■ Source material:
__________

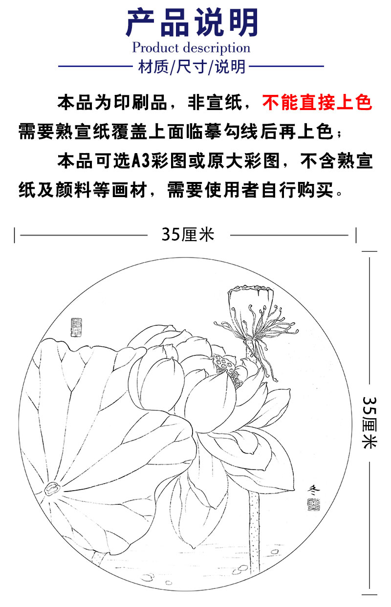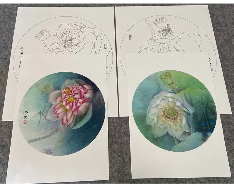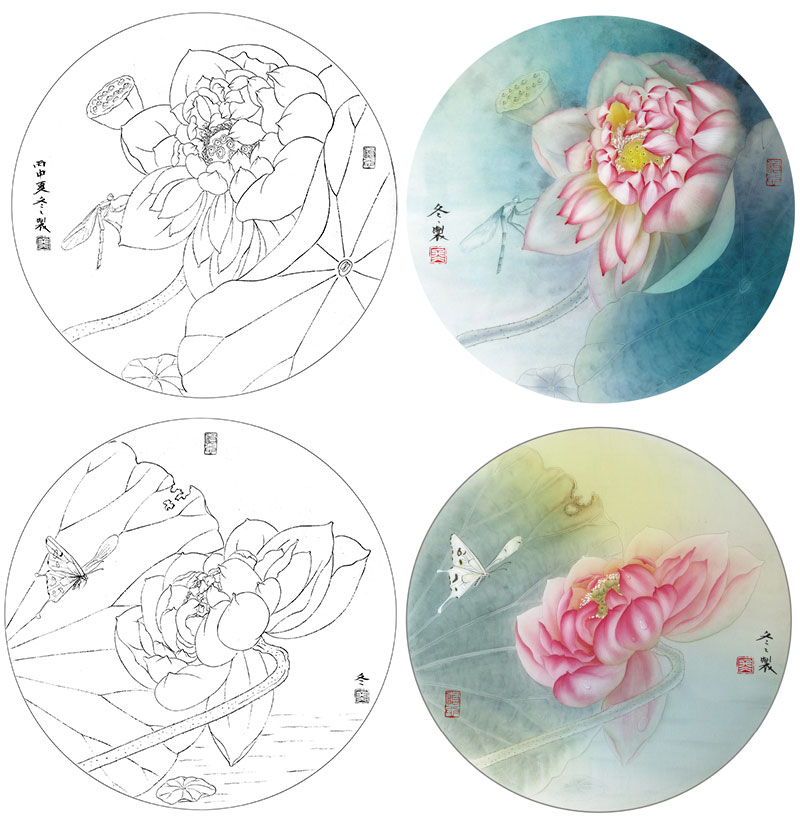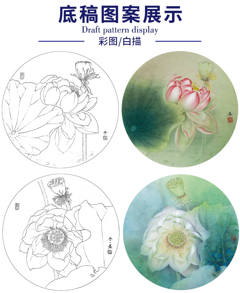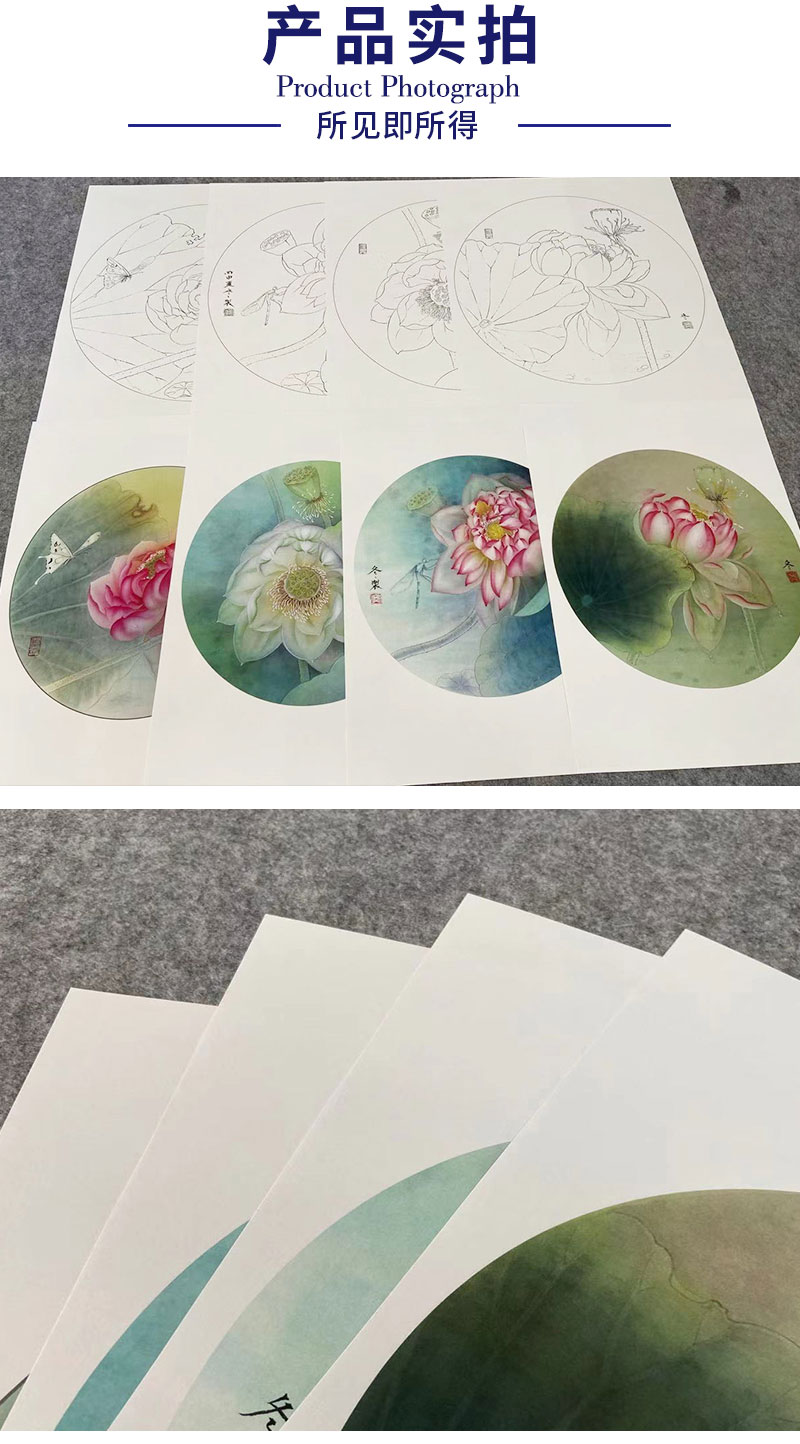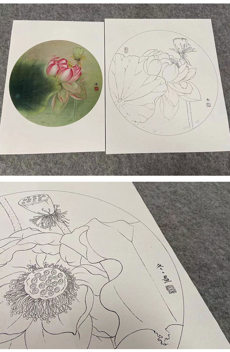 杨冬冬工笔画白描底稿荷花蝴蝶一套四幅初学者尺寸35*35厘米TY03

__________

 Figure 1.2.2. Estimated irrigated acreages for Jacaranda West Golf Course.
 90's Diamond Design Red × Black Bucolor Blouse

__________

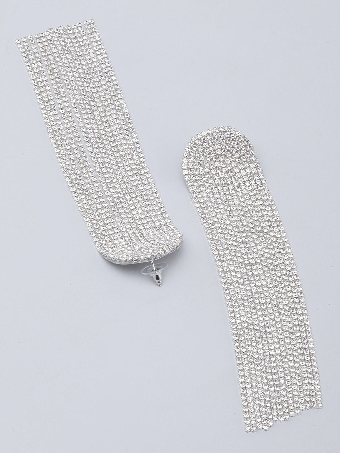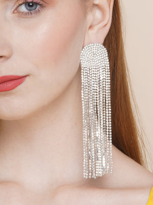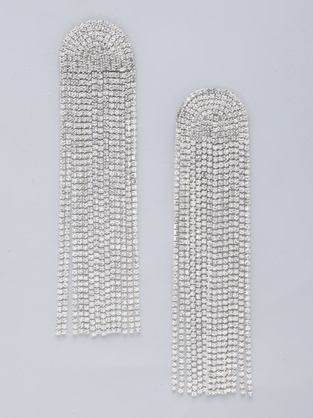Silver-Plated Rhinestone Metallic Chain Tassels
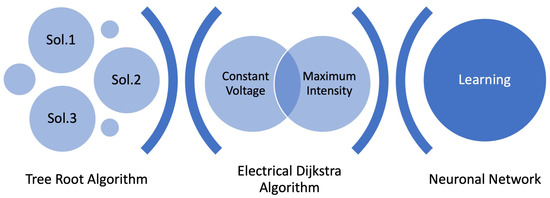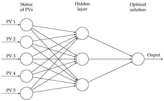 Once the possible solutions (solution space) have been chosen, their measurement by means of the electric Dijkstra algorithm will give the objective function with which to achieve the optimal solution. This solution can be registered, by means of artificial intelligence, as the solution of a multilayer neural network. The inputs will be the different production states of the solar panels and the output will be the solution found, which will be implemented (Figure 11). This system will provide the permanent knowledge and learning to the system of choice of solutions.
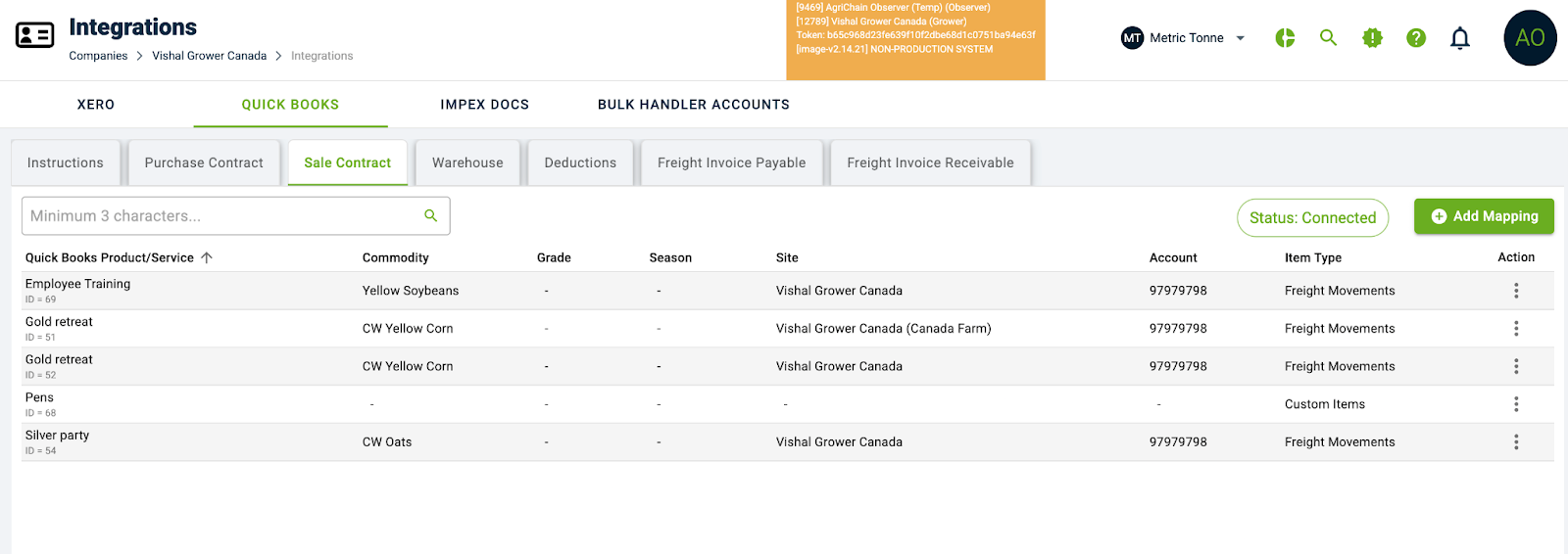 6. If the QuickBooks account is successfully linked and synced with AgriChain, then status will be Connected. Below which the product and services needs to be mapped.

__________

■ About this task:
Repeat only the stretch of data above that runs from the line with "Silver-Plated Rhinestone Metallic" to the line with "6. If the QuickBooks". Keep both end lines; exclude pictures.

■ Response:
Silver-Plated Rhinestone Metallic Chain Tassels
 Once the possible solutions (solution space) have been chosen, their measurement by means of the electric Dijkstra algorithm will give the objective function with which to achieve the optimal solution. This solution can be registered, by means of artificial intelligence, as the solution of a multilayer neural network. The inputs will be the different production states of the solar panels and the output will be the solution found, which will be implemented (Figure 11). This system will provide the permanent knowledge and learning to the system of choice of solutions.
 6. If the QuickBooks account is successfully linked and synced with AgriChain, then status will be Connected. Below which the product and services needs to be mapped.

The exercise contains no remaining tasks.